The NYC American Museum of Natural History and The Manhattan Bus Tour
TR Robertson – Day 4 in NYC was a packed day as we had to complete a requirement for the Oceania cruise we would soon be starting, and we were also going to take a tour of the American Museum of Natural History. The morning started off with a Lyft ride from 47th Street, where our hotel was located, to 35th Street for a COVID antigen test I had scheduled for Carolyn and myself. We tested Negative for COVID and received print outs we would give to the Oceania officials as part of the requirements for our scheduled cruise. Our Limo-taxi driver, we had used the day before, picked us up from the non-descript testing location and drove us down 8th Avenue/Central Park West to the entrance to the American Museum of Natural History, across from Central Park.
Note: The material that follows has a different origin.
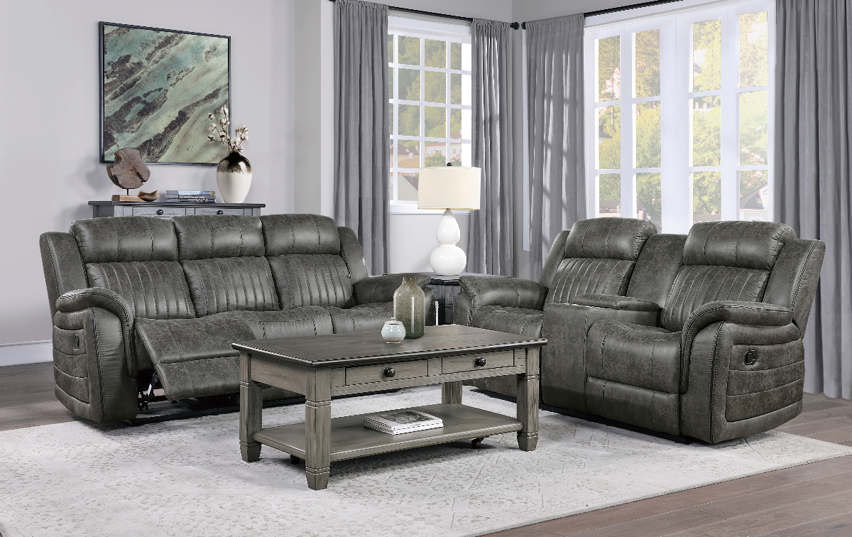 The design of the Centeroak Collection provides a platform for your relaxing downtime. From the classic transitional style to the versatile neutral color of the brown-ish gray polished microfiber fabric covering, this love seat is the perfect addition to your living room. Plush seating features vertical tufting, pillow-top arms, enhanced by the dual end recliners of the love seat. Creating additional function is the center console providing secure placement of beverages and lift top hidden storage. The reclining mechanism is engaged with a pull of the side mounted tabs, taking you from seated to prone in an easy motion.Read More

We had decided to visit this museum from the multitude of museums NYC has to offer.
A lengthy line stretched out from the main entrance, as the museum was about to open. Many had purchased tickets online; we were directed to another line. It did not take long to get entrance tickets and we entered an impressive display of animals from Africa, highlighted by a group of elephants in the center of the exhibit. The massive lobby of the museum is also breathtaking, filled by the largest freestanding dinosaur in the world, a Barosaurus. As we wandered through the various exhibit halls, we would eventually work our way to the 4th Floor of the museum, with over 300 dinosaur exhibits.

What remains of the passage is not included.